Thanks for all the info! I'm thinking of using deer fencing & landscape timbers for the yard fence... My backyard is closed in on 3 sides except for the driveway side where you pull around tithe back... The very back of the property is a brick wall with wooden fence on the sides... I shouldn't need more than a 100 ft of deer fencing to close it in & tie into the existing fences.... Thoughts & comments on using deer fencing would be appreciated... I plan on using the siding I have left over in 2 ft X6 ft sections & screwing into the bottom of the timbers when the fence is done.. Ill let it overlap the ground & cover it up with rock from my yard....


----------



## jwhitty (Jul 25, 2013)

My back yard is rock mostly but ire moved a big section of the rock to put in top soil & I'm going to plant something they can scratch like chickweed or some other type of year round clover.... When I get the coop done ill dig a trench around it & bury it a little in the ground & heap the rock up next to the coop to keep out night creepers... I purposefully left the sheet medal hang down lower than the swing set frame ski can bury it in the rock... Thoughts & comments...;-)????


----------



## MamaHen (Apr 15, 2013)

jwhitty said:


> Thanks for all the info! I'm thinking of using deer fencing & landscape timbers for the yard fence... My backyard is closed in on 3 sides except for the driveway side where you pull around tithe back... The very back of the property is a brick wall with wooden fence on the sides... I shouldn't need more than a 100 ft of deer fencing to close it in & tie into the existing fences.... Thoughts & comments on using deer fencing would be appreciated... I plan on using the siding I have left over in 2 ft X6 ft sections & screwing into the bottom of the timbers when the fence is done.. Ill let it overlap the ground & cover it up with rock from my yard....


Maybe you'll have better luck with deer fencing than me, but I know others use it just fine. My personal use with it was a waste of time and money (maybe I'm too picky  ) it's nice that it is so cheap, but be careful when handling it, it's flimsy.

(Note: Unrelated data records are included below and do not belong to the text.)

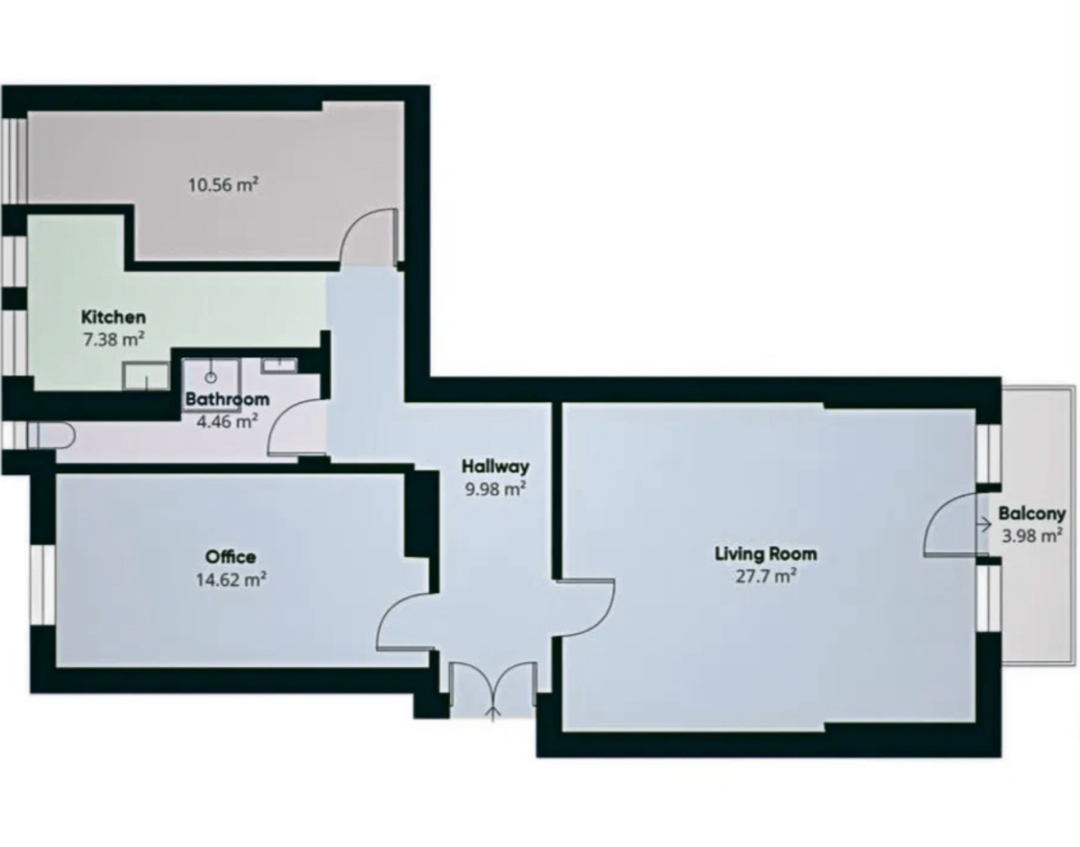 Trzy ustawne pokoje: idealne na sypialnie, salon czy gabinet (o powierzchni 27,7 m², 14,62 m² i 10,56 m²).
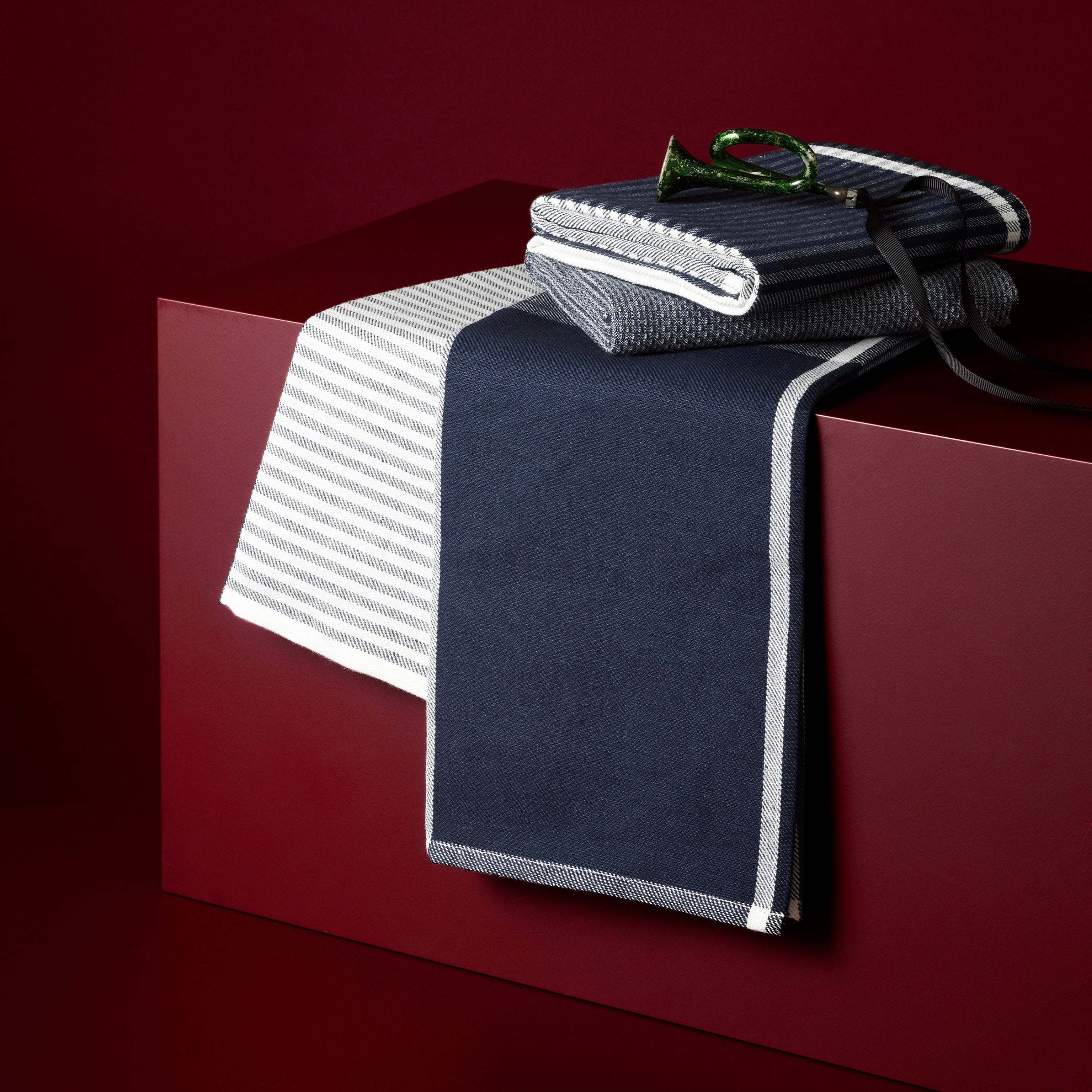Comet er et stribet viskestykke, der er vævet i en blanding af bomuld og hør, der giver det optimale tørreegenskaber. 3PLY karkluden er strukturstrikket i 100 % bomuld.
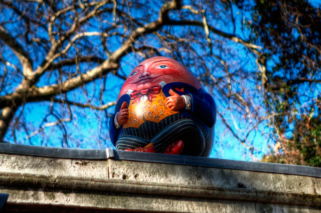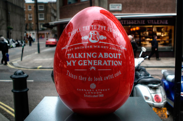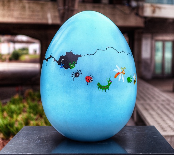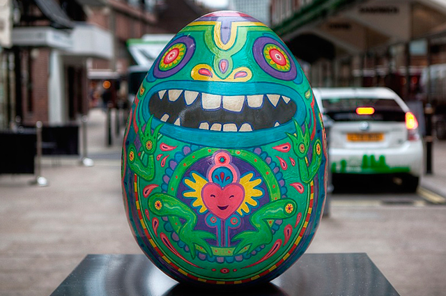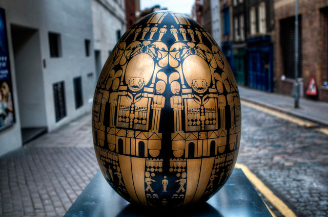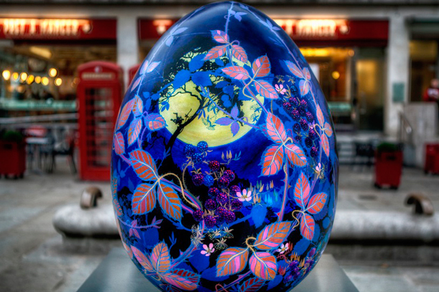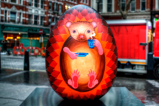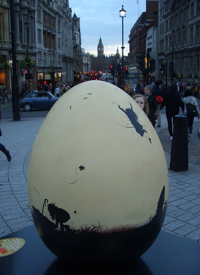 その通常のエッグハントの規模を大きくして、200個以上もの大きな卵がロンドンの至るところに置かれていて(隠されていて)、それを見つけてそれぞれの卵に書かれている秘密の暗号をSMSメッセージで送ることにより、なんと抽選でたった一人にゴールデンエッグが当たる!というのがこのイベント。
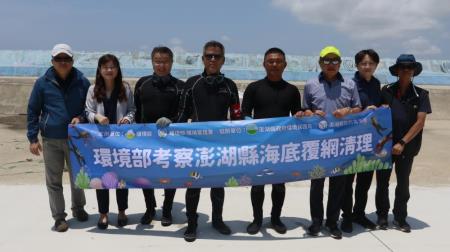 為推動行政院核定之「向海致敬」政策,環境部自110年起補助澎湖縣政府辦理海底覆網清理工作,累計清出約6萬3,000公斤。6日環境部環境管理署顏旭明署長率南區環境管理中心石秉鑫主任及相關同仁視察澎湖縣海底覆網清除並實地潛水現勘,希望透過實際行動為海洋環境盡一份力,並喚起民眾對海洋保育的重視,共同為海洋永續發展努力。
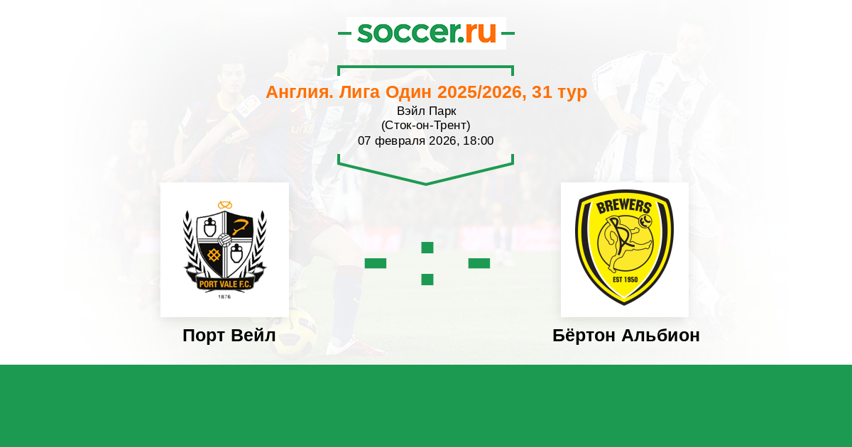 Англия. Первая Футбольная Лига 18.03.2023 Порт Вейл Логотип футбольный клуб Порт Вейл (Сток-он-Трент) 2:3 Логотип футбольный клуб Бёртон Альбион (Бёртон-апон-Трент) Бёртон Альбион
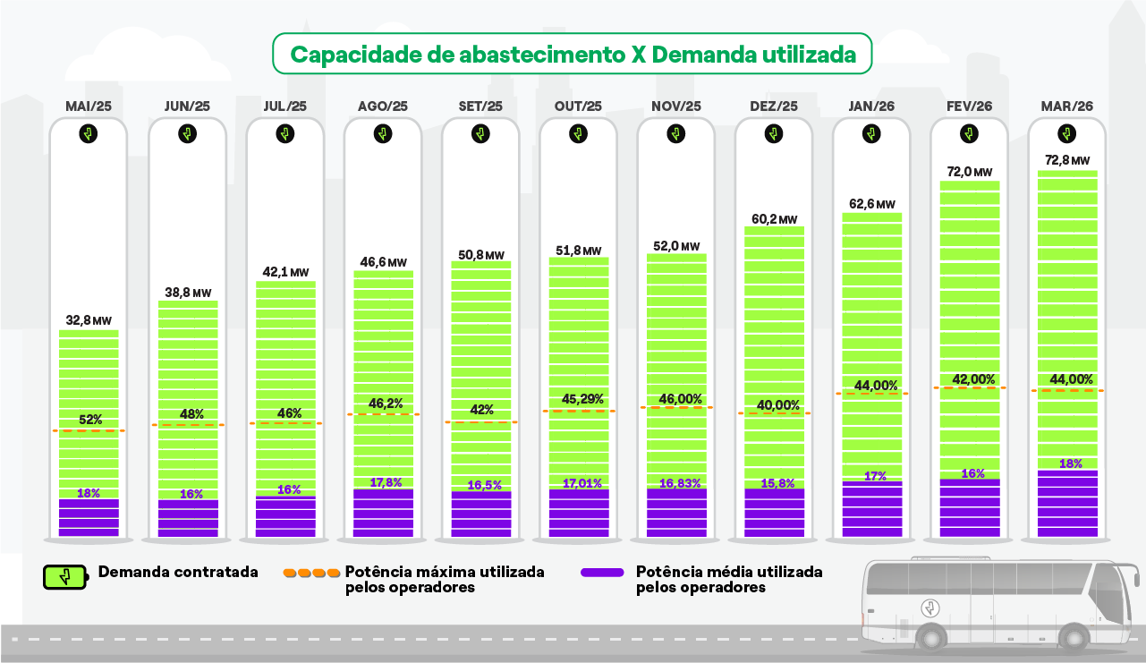 A Enel Distribuição São Paulo informa que tem atendido a toda demanda de infraestrutura elétrica planejada e demandada pelos operadores de ônibus. Desde 2024, a companhia entregou 72,8 MW de energia a 29 garagens de ônibus, energia capaz de abastecer pelo menos 1.618 ônibus.

I would love to see pictures of what you're doing! I love recycling and repurposing anything and everything and I'm also a frugal person. My coop & run is made mostly of recycled material.


----------



## etc (Nov 15, 2012)

I'm not familiar with deer fence, but I know there's a plastic kind and a steel kind, so don't know which you might mean. Plastic deer fence will not keep a neighborhood dog from coming in and having a little chicken dinner, or a coyote, raccoon, opossum, which all can climb and all have claws. If the chickens will be put inside a secure coop at night, you may be able to risk using deer fence to keep the chickens in during the day. Or, you can run an electric wire around the outside if you have problems.


----------



## sbon2727 (Aug 17, 2013)

we partially converted our cedar clubhouse/swim set to a coop this summer and love it. still a little cosmetic stuff to do, but it works great! most people don't even realize its a chicken coop


----------